Delightful and moist eggless lemon muffins with a zesty citrus flavor, perfect for breakfast or a light snack.
2 cups all-purpose flour
1 cup granulated sugar
1 tablespoon baking powder
1/2 teaspoon baking soda
1/4 teaspoon salt
1 cup plain yogurt
1/2 cup vegetable oil
1/2 cup milk
1 tablespoon lemon zest
1/4 cup fresh lemon juice
1 teaspoon vanilla extract
Preheat the oven to 375°F (190°C). Line a 12-cup muffin tin with paper liners or grease the cups.

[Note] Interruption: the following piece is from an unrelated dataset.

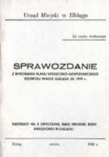 Urząd Miejski w Elblągu wydał biuletyn dotyczący wykonania planu społeczno-gospodarczego rozwoju miasta Elbląga za 1979 r. Sprawozdanie składa się z części ogólnej - wstępu w której zawarto treść sprawozdania oraz z części szczegółowej w której opisano poszczególne działy gospodarki miejskiej - 12. Dział 13 to czyny społeczne a dział 14 to wnioski i postulaty ludności. Do części opisowej dołączona jest wielostronicowa tablica syntetyczna. We wstępie znalazła się uwaga o utrudnionej realizacji zadań w 1979 r. spowodowanej ostrym atakiem zimy była to tzw. "zima stulecia 1978/1979". Zima ta według sprawozdania stała się głównym źródłem powstałych strat i opóźnień. Podstawowe zadania planu zostały wykonane bądź ich poziom jest zbliżony do wielkości planowanych. M. in. oddano w 1979 r. nowy budynek Wojewódzkiej Biblioteki Publicznej i Klub Międzynarodowej Prasy i Książki oraz przeprowadzono remont stadionu "Olimpia". Wypracowano dla miasta czyny społeczne o wartości 68 mln złotych a większość pracy wykonano w "Czynie 35-lecia PRL" i powszechnym czynie partyjnym. Na stronie tytułowej jest informacja - do użytku służbowego oraz materiały na X zwyczajną sesję Miejskiej Rady Narodowej w Elblągu.

In a large mixing bowl, whisk together the all-purpose flour, granulated sugar, baking powder, baking soda, and salt until well combined.

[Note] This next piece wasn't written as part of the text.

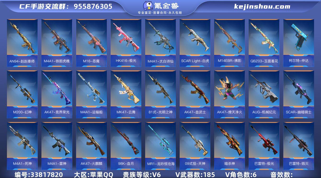 【941969】专家S-6英雄角色数-179英雄武器数 【王者系列】:王者之力,王者之影,王者之心,王者之锋,王者之魂,王者之霆,M4A1-雷霆王者,王者之尊 【热门武器】:M200-权,COP 357-安琪拉,AN94-盖,81式-光明之神,M200-幻神 【角色】:葵,关小雨,零-水下丽影,夏日灵狐-X,炽天使-X,刀锋-枪战王者 【英雄武器】:AK47-火麒麟,AK47-竞界荣光,AK47-燎天净火,AK47-血武士,AK47-谜城烟火,M4A1-雷神,M4A1-死神*2,M4A1-运输船*3,M4A1-夏清,M4A1-雷霆王者,M4A1-太白诗仙,M4A1-铁胆虎魄,SCAR-幽暗骑士,SCAR Light-白虎,SCAR-探星者,SCAR-心动PICK,AN94-赳赳秦师,AN94-盖,AUG-机械纪元,FAMAS-湮灭,M14EBR-拂影,M14EBR-葫芦山庄,M16-恶魔,QBZ03-玉面羞花,HK416-极光,HK417-炎龙铠甲,81式-光明之神,G36-李星云,MK47-云舞,G3A3-衍神兵,FN F2000-十绝阵觉醒,QBZ97-浩瀚征途,AK103-湮灭,SBR-湮灭,AWM-天龙,巴雷特-毁灭,巴雷特-极光*3,暗杀神,M200-幻神,M200-权,09式狙-天神,98K-血月,98K-星神,MR1-龙吟惊沧海,GM6-逆骨,RPK-盘龙,加特林-堡垒,加特林-炼狱,刘易斯-星际方舟觉醒,QBB95-极光,MK5-极光,寒霜烈龙*3,双持斯泰尔-天使...

In a separate bowl, combine the plain yogurt, vegetable oil, milk, lemon zest, fresh lemon juice, and vanilla extract. Mix well.
Pour the wet ingredients into the dry ingredients and gently fold together using a spatula until just combined. Do not overmix; the batter should be slightly lumpy.
Divide the batter evenly among the prepared muffin cups, filling each about 3/4 full.
Bake in the preheated oven for 18 to 20 minutes, or until a toothpick inserted into the center of a muffin comes out clean.
Remove the muffins from the oven and let them cool in the tin for 5 minutes before transferring them to a wire rack to cool completely.